MongoDB and Redis as cache layer architecture

Question

Suppose we have a social network app (using NodeJS, Express) and MongoDB as the primary database engine.

In most of API calls from clients (mobile app, web app, etc.) I don't want to make a complex query for each request. These sort of requests can be replied from cache layer, Redis for instance.

But my question is how/when should I update the cache layer, because all write operations are performed in MongoDB database, not the cache layer (Redis). What is the correct approach/architecture to address this problem?

generalhenry · Accepted Answer · 2014-06-30 23:54:26Z

18

It really depends on your needs, but here's a fairly common one:

on_get_request
  if data_in_redis
    serve_data_from _redis
  else
    get_data_from_mongo
    set_data_in_redis
    set_expire_in_redis
    serve_data_from_memory

The data will be a bit stale at times, but that's ok for most use cases. It works well in combination with some cache invalidation when important data is written:

on_important_data
  delete_invalid_redis_keys

But that all assumes low write, high read, and a stable set of queries.

What does your high load use case look like?

answered Jun 30, 2014 at 23:54

generalhenry

17.3k4 gold badges51 silver badges63 bronze badges

Sign up to request clarification or add additional context in comments.

2 Comments

Afshin Mehrabani Over a year ago

What about cron jobs to fill the caches?

generalhenry Over a year ago

Could come into play if a) the acceptable stale time is high and b) the read time is high. Which isn't uncommon, a good case would be a mongo map reduce, where results that are ten minutes old are good enough, cron the mongo map reduce every ten minutes an update redis.
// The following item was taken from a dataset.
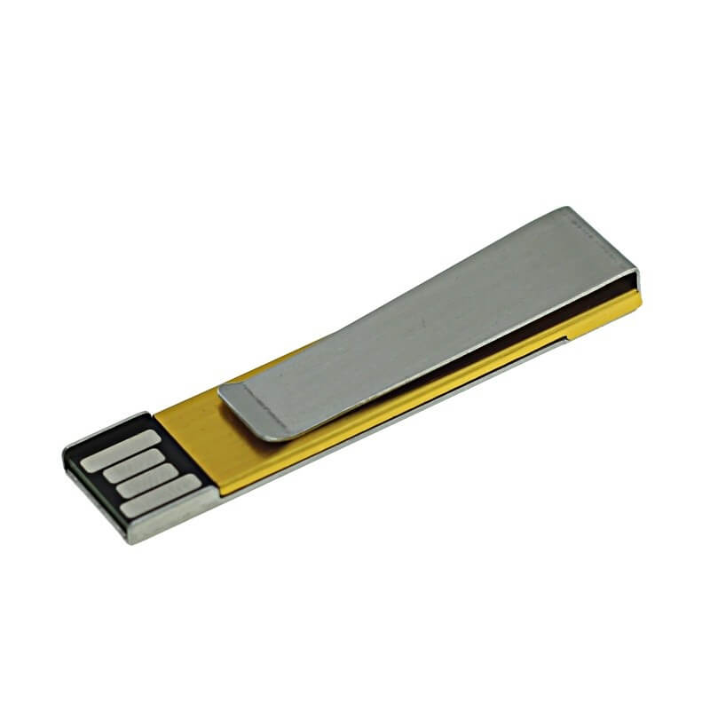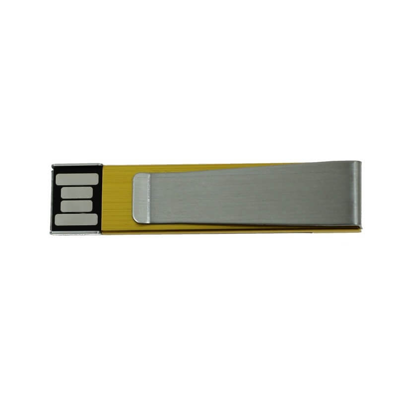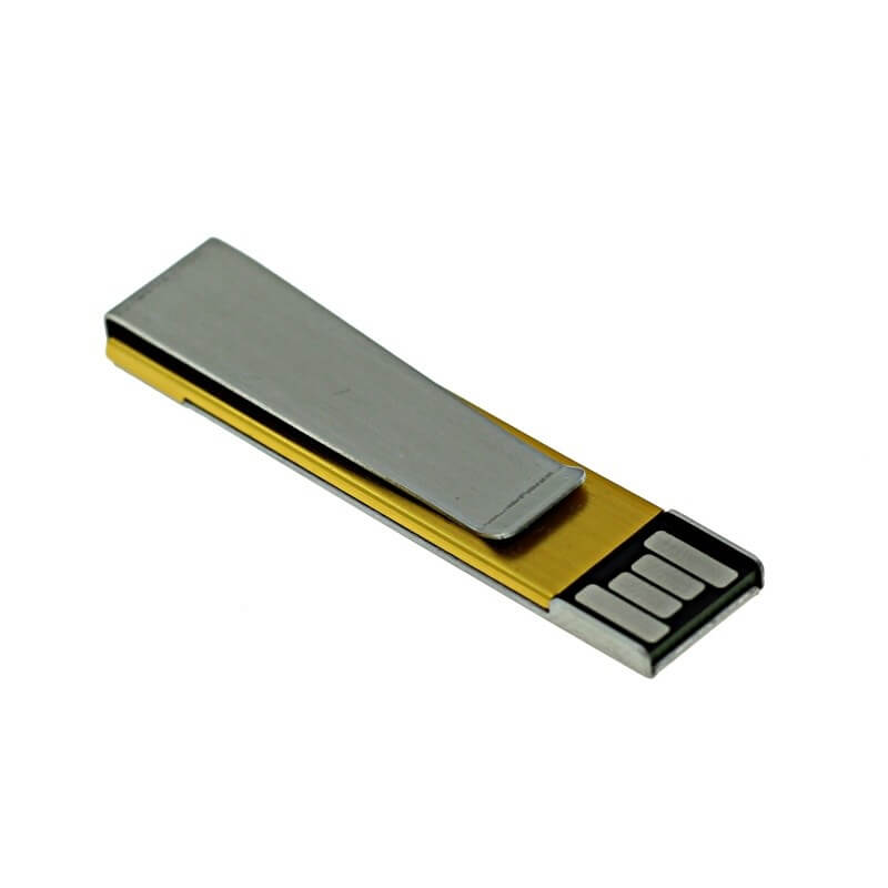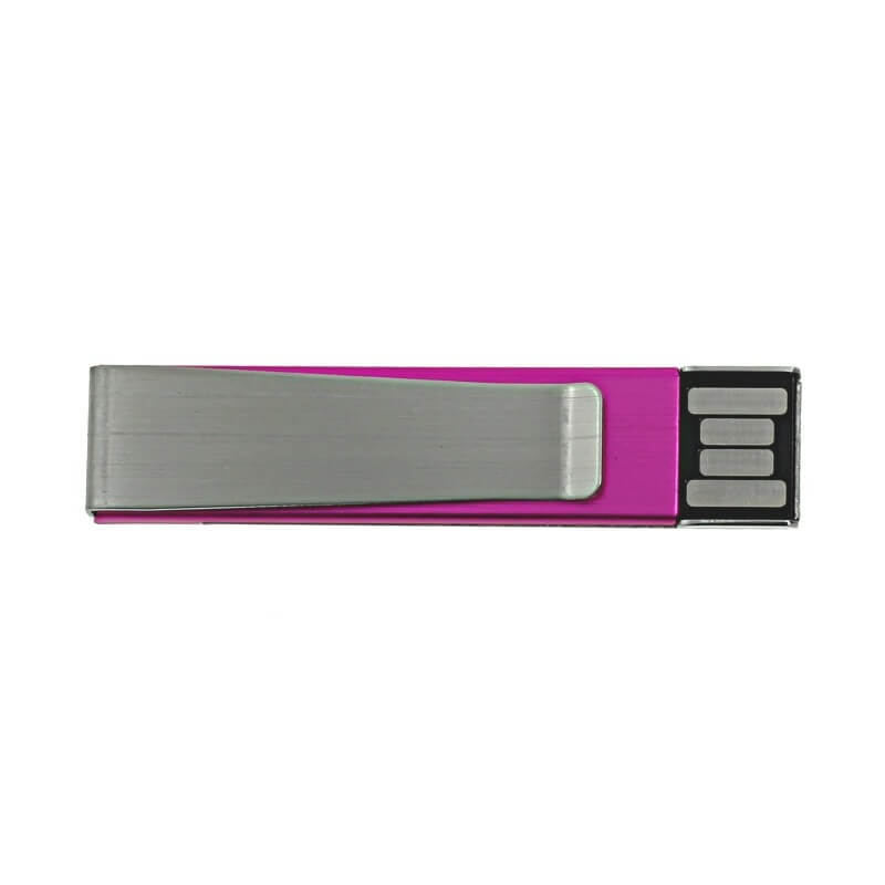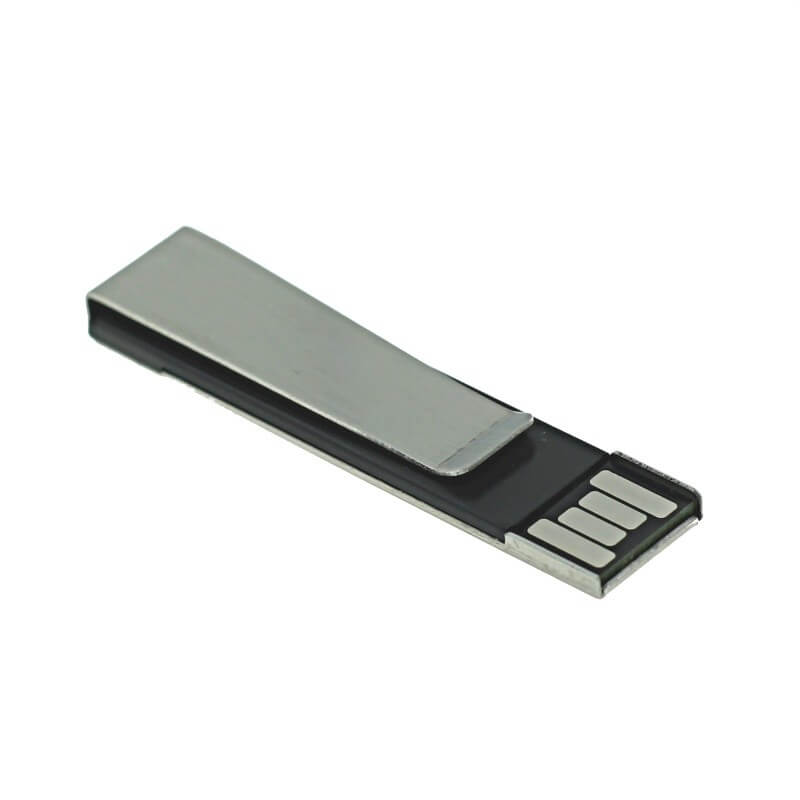 Kovový mini USB flash disk - spona. Vhodný na pripnutie do prezentácie, alebo napríklad ako spona na kravatu. Logo je možné natlačiť, ideálny je ale laser, flash disk potom pôsobí luxusnejšie.

Asya Kamsky · Accepted Answer · 2014-07-03 19:19:52Z

This is already implemented in reference architecture for MongoDB open source project called "Socialite" though it's in Java and not node.js so my answers are based on my experience stress and load-testing that code.

As you can see from its implementation of status feed, the feed has option fanoutOnWrite cache which will create a cache (limited size document) for active users, capping the number of most recent entries in the cache document (that number is configurable).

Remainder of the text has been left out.